Python 嵌套 html 个标签 Beautifulsoup
Python nested html tags with Beautifulsoup
我正在尝试从嵌套的 html 代码中获取一些所有 href URL:
...
<li class="dropdown">
<a href="#" class="dropdown-toggle wide-nav-link" data-toggle="dropdown">TEXT_1 <b class="caret"></b></a>
<ul class="dropdown-menu">
<li class="class_A"><a title="Title_1" href="http://www.customurl_1.com">Title_1</a></li>
<li class="class_B"><a title="Title_2" href="http://www.customurl_2.com">Title_2</a></li>
...
<li class="class_A"><a title="Title_X" href="http://www.customurl_X.com">Title_X</a></li>
</ul>
</li>
...
<li class="dropdown">
<a href="#" class="dropdown-toggle wide-nav-link" data-toggle="dropdown">TEXT_2 <b class="caret"></b></a>
<ul class="dropdown-menu">
<li class="class_A"><a title="Title_1" href="http://www.customurl_1.com">Title_1</a></li>
<li class="class_B"><a title="Title_2" href="http://www.customurl_2.com">Title_2</a></li>
...
<li class="class_A"><a title="Title_X" href="http://www.customurl_X.com">Title_X</a></li>
</ul>
</li>
...
在原始 html 代码中,大约有 15 "li" 个块 class "dropdown",
但我只想从文本 = TEXT_1 的块中获取 URL。
可以使用 BeautifulSoup?
捕获所有这些嵌套的 url
感谢您的帮助
lxml 和 Xpath 的示例:
from lxml import etree
from io import StringIO
parser = etree.HTMLParser()
tree = etree.parse(StringIO(html), parser)
hrefs = tree.xpath('//li[@class="dropdown" and a[starts-with(.,"TEXT_1")]]/ul[@class="dropdown-menu"]/li/a/@href')
print hrefs
其中 html
是包含您的 html 内容的 unicode 字符串。

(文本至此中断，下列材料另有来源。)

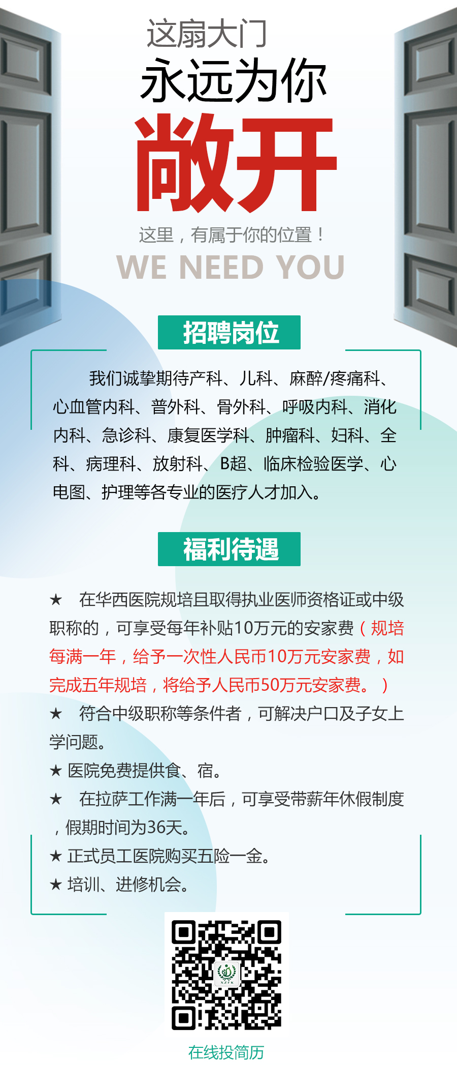 西藏阜康醫(yī)院面向社會公開招聘產(chǎn)科、兒科、麻醉/疼痛科、心血管內(nèi)科、普外科、骨科、呼吸內(nèi)科、消化內(nèi)科、急診科、康復(fù)醫(yī)學(xué)科、婦科、全科、病理科、放射科、B超、臨床檢驗、心電圖等各專業(yè)的醫(yī)療人才。對于在華西醫(yī)院完成住院醫(yī)師規(guī)范化培訓(xùn)且取得執(zhí)業(yè)醫(yī)師資格證或中級職稱的醫(yī)師,一經(jīng)錄用,按參加規(guī)培年限每年10萬給付安家費(完成3年規(guī)培,給予30萬安家費;完成5年規(guī)培,提供安家費的規(guī)培醫(yī)師必須簽訂合同在阜康服務(wù)六年,否則按差額服務(wù)年限退回相應(yīng)的安家費),工資獎金另算。望廣大醫(yī)療人才踴躍投遞簡歷,為祖國西部醫(yī)療事業(yè)貢獻(xiàn)力量。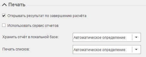 Печать - параметры, определяющие производительность рабочего места (клиентской части) при обработке файлов отчетов.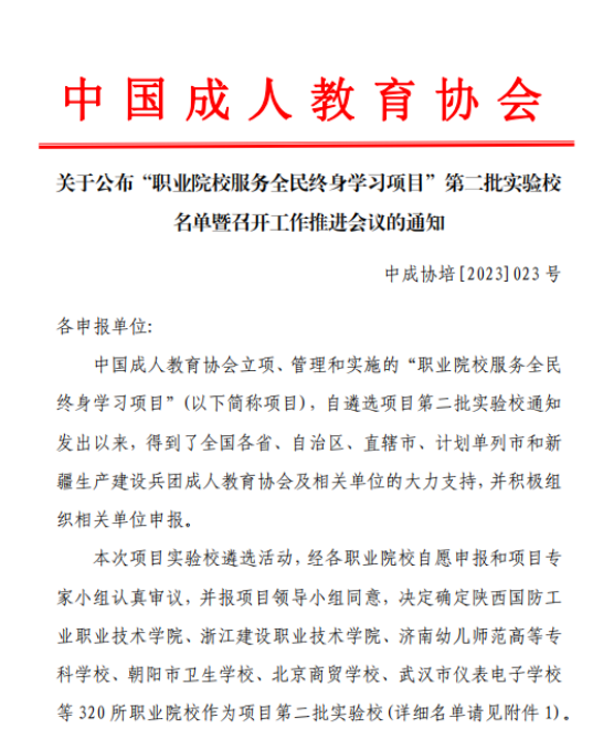 本网讯(通讯员 杨凡 文/图)5月24日,中国成人教育协会公布“职业院校服务全民终身学习项目”第二批实验校名单(中成协培〔2023〕023号),时搏·体育社区教育学院组织申报并成功获批了42所职业院校(高职26所、中职16所),获批数位列全国第二。

结果:
['http://www.customurl_1.com', 'http://www.customurl_2.com', 'http://www.customurl_X.com']
注意:我使用 starts-with
函数在 XPath 查询中更精确,但如果 TEXT_1
并不总是在开头,您可以以相同的方式使用 contains
文本节点。
查询详情:
// # anywhere in the domtree
li # a li tag with the following conditions:
[ # (opening condition bracket for li)
@class="dropdown" # li has a class attribute equal to "dropdown"
and # and
a # a child tag "a"
[ # (open a condition for "a")
starts-with(.,"TEXT_1") # that the text starts with "TEXT_1"
] # (close a condition for "a")
] # (close the condition for li)
/ # li's child (/ stands for immediate descendant)
ul[@class="dropdown-menu"] # "ul" with class equal to "dropdown-menu"
/li # "li" children of "ul"
/a # "a" children of "li"
/@href # href attributes children of "a"
虽然不如 Xpath 优雅,但您始终可以使用日常 Python 迭代来编写逻辑。 BeautifulSoup 允许将函数作为过滤器传递给 find_all
,以应对复杂情况,例如这个。
from bs4 import BeautifulSoup
html_doc = """<html>..."""
soup = BeautifulSoup(html_doc)
def matches_block(tag):
return matches_dropdown(tag) and tag.find(matches_text) != None
def matches_dropdown(tag):
return tag.name == 'li' and tag.has_attr('class') and 'dropdown' in tag['class']
def matches_text(tag):
return tag.name == 'a' and tag.get_text().startswith('TEXT_1')
for li in soup.find_all(matches_block):
for ul in li.find_all('ul', class_='dropdown-menu'):
for a in ul.find_all('a'):
if a.has_attr('href'):
print (a['href'])
我正在尝试从嵌套的 html 代码中获取一些所有 href URL:
...
<li class="dropdown">
<a href="#" class="dropdown-toggle wide-nav-link" data-toggle="dropdown">TEXT_1 <b class="caret"></b></a>
<ul class="dropdown-menu">
<li class="class_A"><a title="Title_1" href="http://www.customurl_1.com">Title_1</a></li>
<li class="class_B"><a title="Title_2" href="http://www.customurl_2.com">Title_2</a></li>
...
<li class="class_A"><a title="Title_X" href="http://www.customurl_X.com">Title_X</a></li>
</ul>
</li>
...
<li class="dropdown">
<a href="#" class="dropdown-toggle wide-nav-link" data-toggle="dropdown">TEXT_2 <b class="caret"></b></a>
<ul class="dropdown-menu">
<li class="class_A"><a title="Title_1" href="http://www.customurl_1.com">Title_1</a></li>
<li class="class_B"><a title="Title_2" href="http://www.customurl_2.com">Title_2</a></li>
...
<li class="class_A"><a title="Title_X" href="http://www.customurl_X.com">Title_X</a></li>
</ul>
</li>
...
在原始 html 代码中,大约有 15 "li" 个块 class "dropdown", 但我只想从文本 = TEXT_1 的块中获取 URL。 可以使用 BeautifulSoup?
捕获所有这些嵌套的 url感谢您的帮助
lxml 和 Xpath 的示例:
from lxml import etree
from io import StringIO
parser = etree.HTMLParser()
tree = etree.parse(StringIO(html), parser)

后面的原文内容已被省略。